Glenarthur was Chairman of the family firm of Arthur and Co, and also of the Lochgelly Iron and Coal Company and of the Glasgow and South Western Railway Company. Apart from his business career he was also a member of the Royal Company of Archers.

==Honours==

Arthur was created a Baronet, of Carlung, in the parish of West Kilbride, in the County of Ayr, on 28 November 1902, and on 5 July 1918 he was raised to the peerage as Baron Glenarthur, of Carlung, in the County of Ayr. The title of the barony derived from the joining of his mother's maiden name and his patronymic.
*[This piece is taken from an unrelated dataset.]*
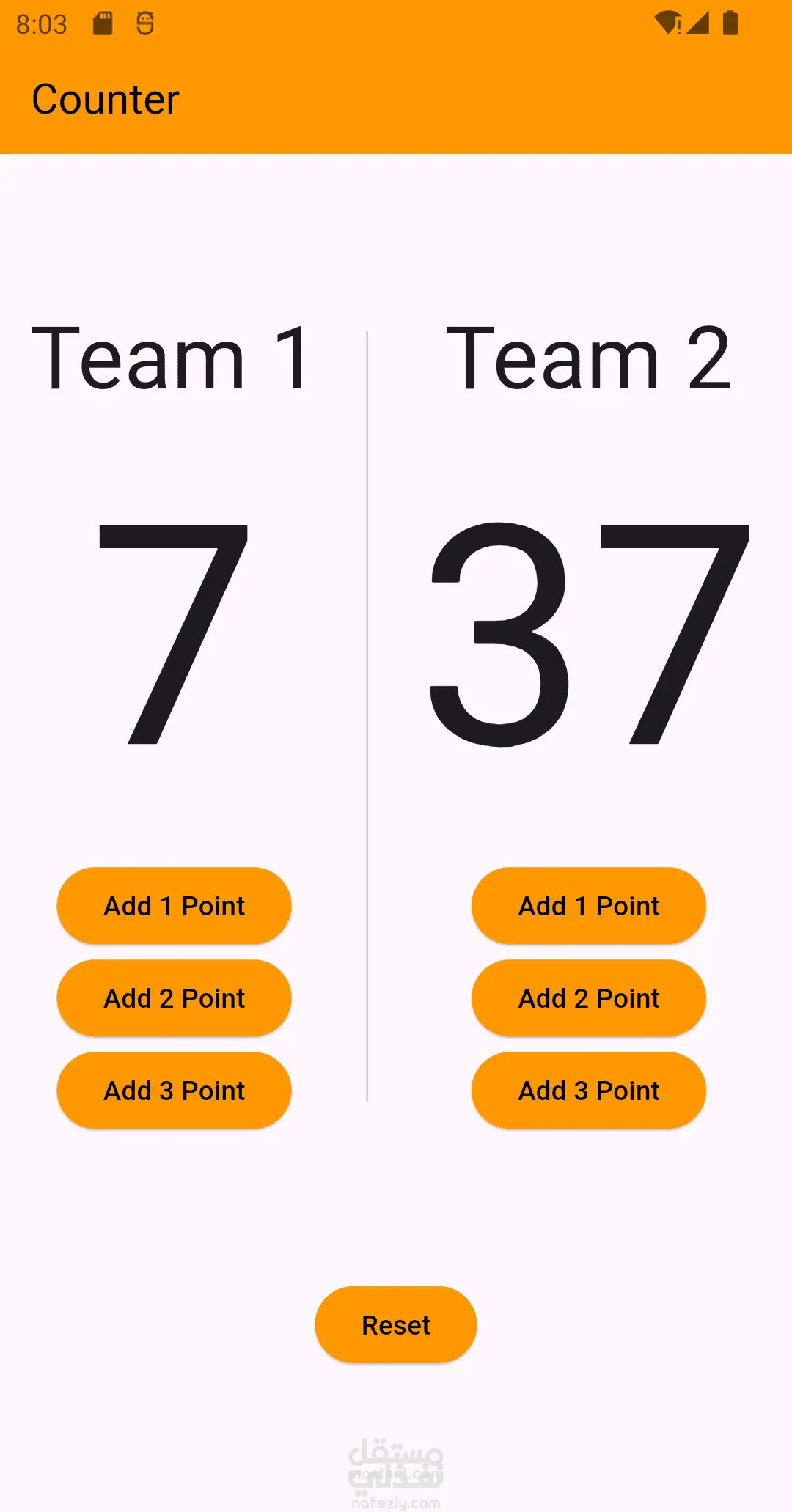 كما يحتوي التطبيق على زر Reset لإعادة تعيين العداد إلى الصفر فورًا، مما يتيح بدء مباراة جديدة أو إعادة الحساب من البداية دون الحاجة لتعديلات يدوية.

Coat of arms of Matthew Arthur, 1st Baron Glenarthur
| CrestOn a rock a pelican in her piety Proper. EscutcheonSable an escarbuncle Or within an orle of bezants. SupportersDexter a bay horse Proper, sinister a lion rampant Gules. MottoFac Et Spera |

==Family==
Lord Glenarthur married Janet McGrigor, daughter of Alexander Bennett McGrigor, in 1876. He died in September 1928, aged 76, and was succeeded in his titles by his son Cecil. Lady Glenarthur died in 1946.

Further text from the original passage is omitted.